> WHAT TO WORK ON:
The required output is the run of lines from the one holding "这是运用C4D软件进行建模,并通过RS(Redshift" through the final line of the listing, restated word for word, with no pictures.

> PROVIDED DATA:
+-------+

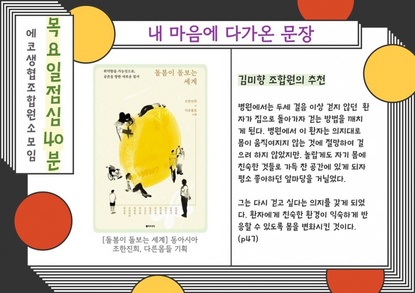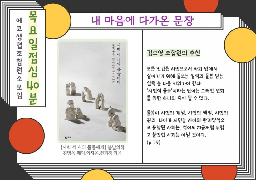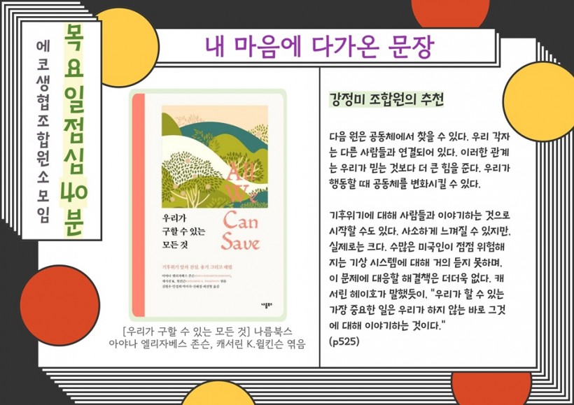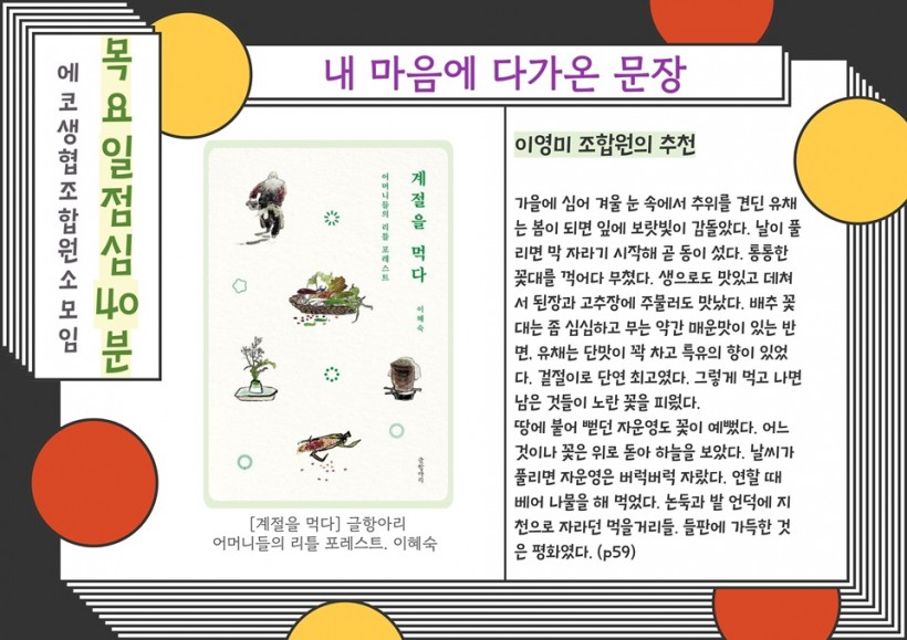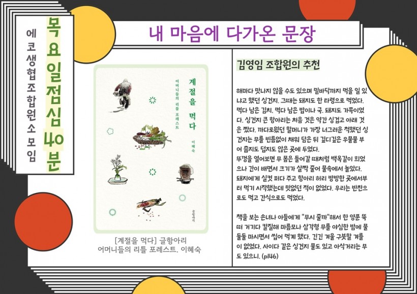 [에코생협] 목요일 점심 40분이 모여 책 다섯 권을 읽었어요!
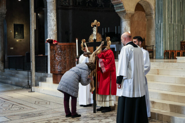 Segue l’Adorazione della Croce: dopo la solenne ostensione, ogni fedele è chiamato a genuflettersi e baciarla.
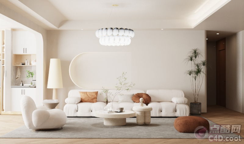 这是运用C4D软件进行建模,并通过RS(Redshift)渲染器渲染的模型工程。模型展示了一个温馨且现代的客厅场景。主体是一组白色的沙发,属于家具类目,沙发上摆放着几个抱枕,包括橙色和棕色的圆形抱枕,还放置了一条白色的毯子。沙发前方有两张圆形的茶几,材质似大理石,茶几上摆放着书籍、杯子、花瓶以及绿植等物品。沙发左侧有一把白色的造型圆润的单人椅,旁边的小圆桌上放置着一盏白色的台灯。沙发后方的墙上有一个弧形的装饰。房间中央悬挂着一盏独特的吊灯,右侧有一株高大的绿植,旁边还有一个棕色的圆形坐垫。左侧背景处可看到部分白色的橱柜,橱柜上摆放着一些装饰品和绿植。整个模型为家具展示提供了舒适且美观的三维场景资源。
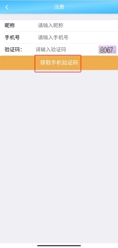 2、在注册页面填写完整之后,点击获取手机验证码按钮;

+-------+

> TASK OUTPUT:
 这是运用C4D软件进行建模,并通过RS(Redshift)渲染器渲染的模型工程。模型展示了一个温馨且现代的客厅场景。主体是一组白色的沙发,属于家具类目,沙发上摆放着几个抱枕,包括橙色和棕色的圆形抱枕,还放置了一条白色的毯子。沙发前方有两张圆形的茶几,材质似大理石,茶几上摆放着书籍、杯子、花瓶以及绿植等物品。沙发左侧有一把白色的造型圆润的单人椅,旁边的小圆桌上放置着一盏白色的台灯。沙发后方的墙上有一个弧形的装饰。房间中央悬挂着一盏独特的吊灯,右侧有一株高大的绿植,旁边还有一个棕色的圆形坐垫。左侧背景处可看到部分白色的橱柜,橱柜上摆放着一些装饰品和绿植。整个模型为家具展示提供了舒适且美观的三维场景资源。
 2、在注册页面填写完整之后,点击获取手机验证码按钮;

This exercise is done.